Please copy the listing that follows exactly, leaving out any pictures.

## DATA
══════════════════════════════

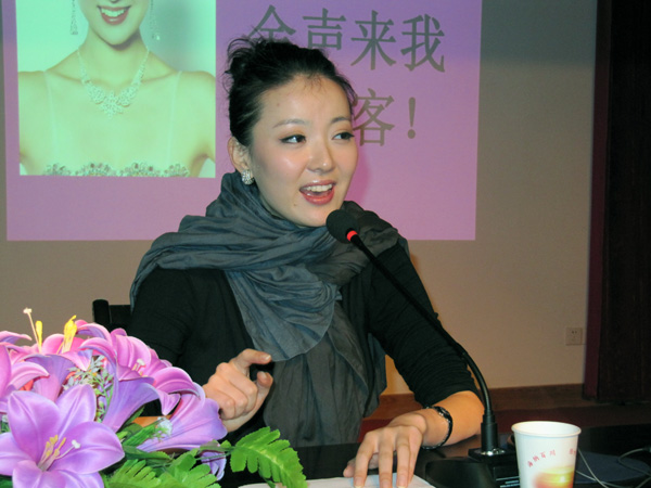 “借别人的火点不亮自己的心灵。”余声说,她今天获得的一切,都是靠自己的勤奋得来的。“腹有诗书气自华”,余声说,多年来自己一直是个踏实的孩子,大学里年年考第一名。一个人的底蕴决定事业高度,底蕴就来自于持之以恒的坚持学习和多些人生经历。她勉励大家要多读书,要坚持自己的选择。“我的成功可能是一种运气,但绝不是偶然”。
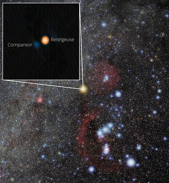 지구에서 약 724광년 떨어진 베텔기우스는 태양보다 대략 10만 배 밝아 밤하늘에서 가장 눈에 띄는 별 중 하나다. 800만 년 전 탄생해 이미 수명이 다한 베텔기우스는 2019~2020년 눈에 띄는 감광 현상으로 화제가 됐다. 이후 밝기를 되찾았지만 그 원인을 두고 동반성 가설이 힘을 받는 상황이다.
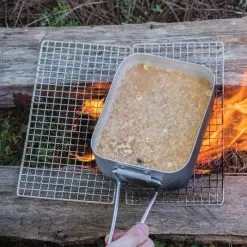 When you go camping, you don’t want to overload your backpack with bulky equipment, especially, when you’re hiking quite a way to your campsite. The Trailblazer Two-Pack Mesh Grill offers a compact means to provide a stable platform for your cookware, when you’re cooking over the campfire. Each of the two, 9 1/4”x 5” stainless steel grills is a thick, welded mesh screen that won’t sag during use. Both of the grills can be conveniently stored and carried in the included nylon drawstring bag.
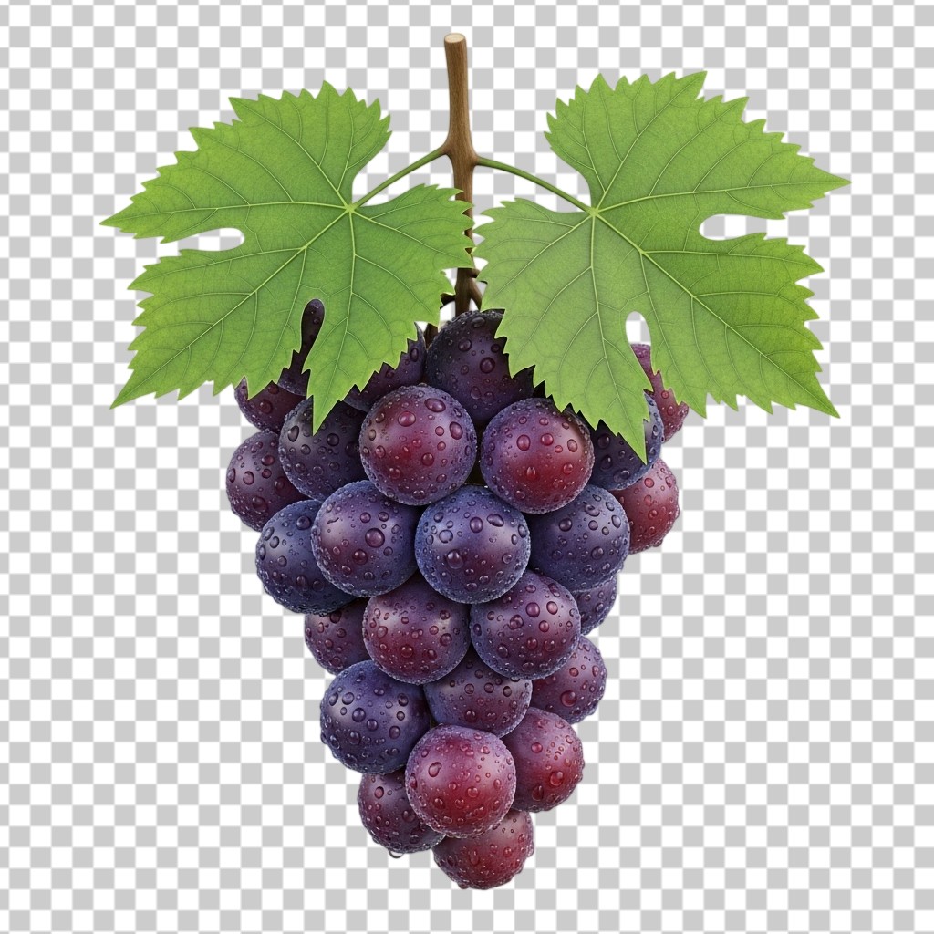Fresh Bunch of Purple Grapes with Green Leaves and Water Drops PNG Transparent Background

══════════════════════════════

## REPLY
 “借别人的火点不亮自己的心灵。”余声说,她今天获得的一切,都是靠自己的勤奋得来的。“腹有诗书气自华”,余声说,多年来自己一直是个踏实的孩子,大学里年年考第一名。一个人的底蕴决定事业高度,底蕴就来自于持之以恒的坚持学习和多些人生经历。她勉励大家要多读书,要坚持自己的选择。“我的成功可能是一种运气,但绝不是偶然”。
 지구에서 약 724광년 떨어진 베텔기우스는 태양보다 대략 10만 배 밝아 밤하늘에서 가장 눈에 띄는 별 중 하나다. 800만 년 전 탄생해 이미 수명이 다한 베텔기우스는 2019~2020년 눈에 띄는 감광 현상으로 화제가 됐다. 이후 밝기를 되찾았지만 그 원인을 두고 동반성 가설이 힘을 받는 상황이다.
 When you go camping, you don’t want to overload your backpack with bulky equipment, especially, when you’re hiking quite a way to your campsite. The Trailblazer Two-Pack Mesh Grill offers a compact means to provide a stable platform for your cookware, when you’re cooking over the campfire. Each of the two, 9 1/4”x 5” stainless steel grills is a thick, welded mesh screen that won’t sag during use. Both of the grills can be conveniently stored and carried in the included nylon drawstring bag.
Fresh Bunch of Purple Grapes with Green Leaves and Water Drops PNG Transparent Background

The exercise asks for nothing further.